9. The dry lubrication control system based on AI self-learning operation according to claim 1, characterized in that: The system also includes: The valve control reconfiguration module calls the adjusted oil supply interval in the lubrication oil supply interval configuration sequence, forms the opening sequence according to the correspondence between the lubrication point and the solenoid valve and the distribution valve, corrects the position of inconsistent oil supply interval sorting, extends the position of the unstable interval, and generates dry oil lubrication control results by comparing the actual and target flow changes. The dry oil lubrication control results include flow deviation position, flow matching status, and valve control execution status.

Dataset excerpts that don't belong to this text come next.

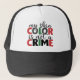 Acessório com tema de justiça social apresenta multicoloração "minha cor da pele não é um crime" texto sobre fundo branco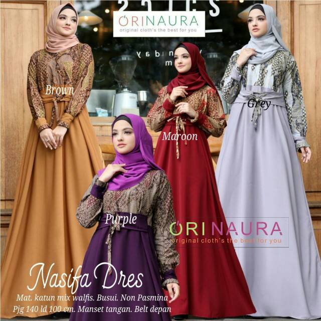 Salisa Dress By Lilgorgeous Bahan Moss Crepe Polos Kombinasi Bahan Wolfis Motif Bunga Dan Variasi Lis Tanpa Model Pakaian Hijab Pakaian Wanita Model Pakaian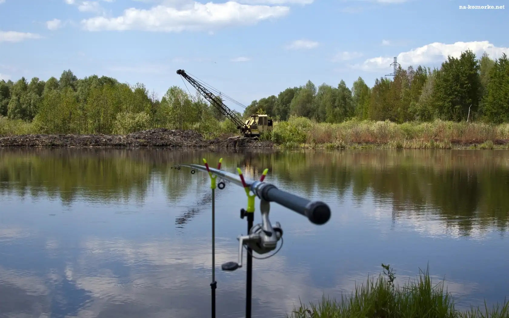 Staw, Drzewa, Wędka, Koparka na Komórkę
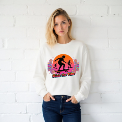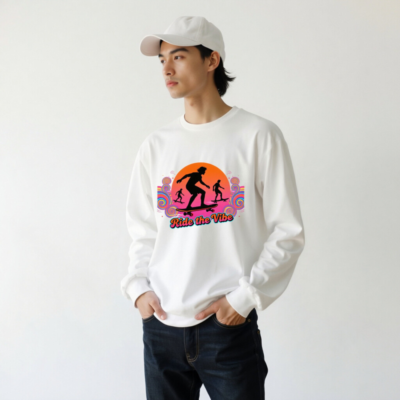Unisex long sleeve tee featuring bold ‘Ride the Vibe’ graphic with retro skateboarders, vibrant sunset swirls, and 100% cotton comfort. Perfect for casual wear, skate culture fans, or vintage-inspired fashion. Soft, breathable fabric—no added certifications or claims.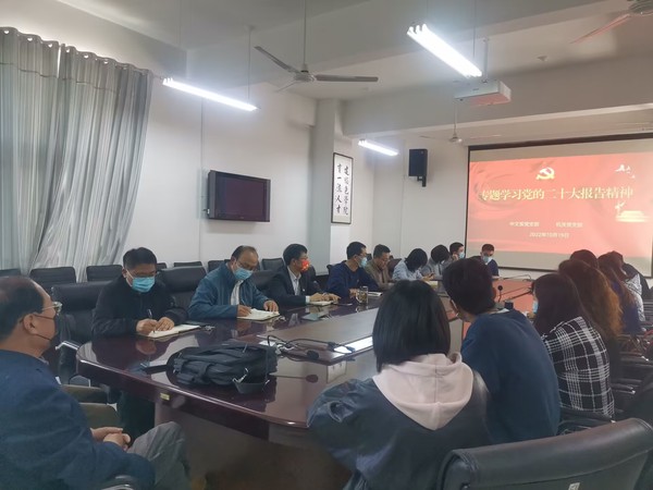 10月19日,学院中国语言文学系党支部与院机关党支部联合开展“学习党的二十大精神,奋进新征程”主题党日活动,专题学习党的二十大精神。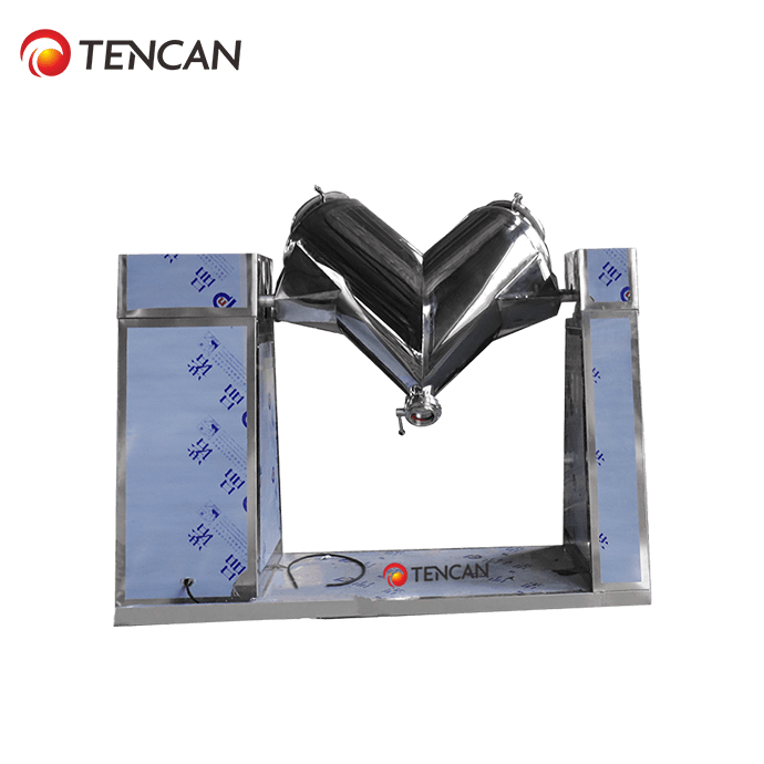 V-type mixer is applied to industries of pharmacy, food, chemical engineering, metallurgy, electron, which need to mix two or more kinds of dry powder and particles. With such a special structure of V-type mixing tank, materials inside are turning around repeatedly to achieve uniform mixing. The machine has many features such as no dead angle, high speed, short mixing time, uniform mixing.

10. The dry lubrication control system based on AI self-learning operation according to claim 9, characterized in that: The valve-controlled reconfiguration module includes: The valve sequence arrangement submodule calls the adjusted oil supply interval of each lubrication point in the lubrication oil supply interval configuration sequence, obtains the preset control correspondence between each lubrication point and the dry oil pump outlet solenoid valve and distribution valve, associates the corresponding solenoid valve and distribution valve according to the oil supply interval sequence, arranges the opening order of each valve to form the valve control opening sequence, compares the oil supply interval sorting with the valve control opening sequence, adjusts the positions with inconsistent sequences to the corresponding lubrication point oil supply sequence, and generates the valve opening sequence. The interval extension submodule reads the opening time interval of adjacent solenoid valves and distribution valves after adjustment based on the valve opening sequence, collects the corresponding time interval of continuous and stable opening of each valve during the operation of the dry oil lubrication device, organizes it into a preset stable interval, compares the opening time interval of each adjacent valve with the corresponding preset stable interval, and extends the position that is less than the lower limit of the stable interval item by item according to the subsequent valve sequence, while keeping the original opening time of the remaining positions to obtain a stable valve control timing sequence. The flow verification submodule calls the stable valve control timing, collects the actual flow rate change of lubricating oil delivery according to the delayed opening time of each valve, obtains the target flow rate change corresponding to the oil supply demand of each lubrication point, compares the actual flow rate and the target flow rate point by point according to the same opening time, and judges whether the change direction and change magnitude are consistent. The time point where the direction or magnitude is inconsistent is registered as the flow deviation position, associated with the valve number, lubrication point number and opening time, and generates dry oil lubrication control result.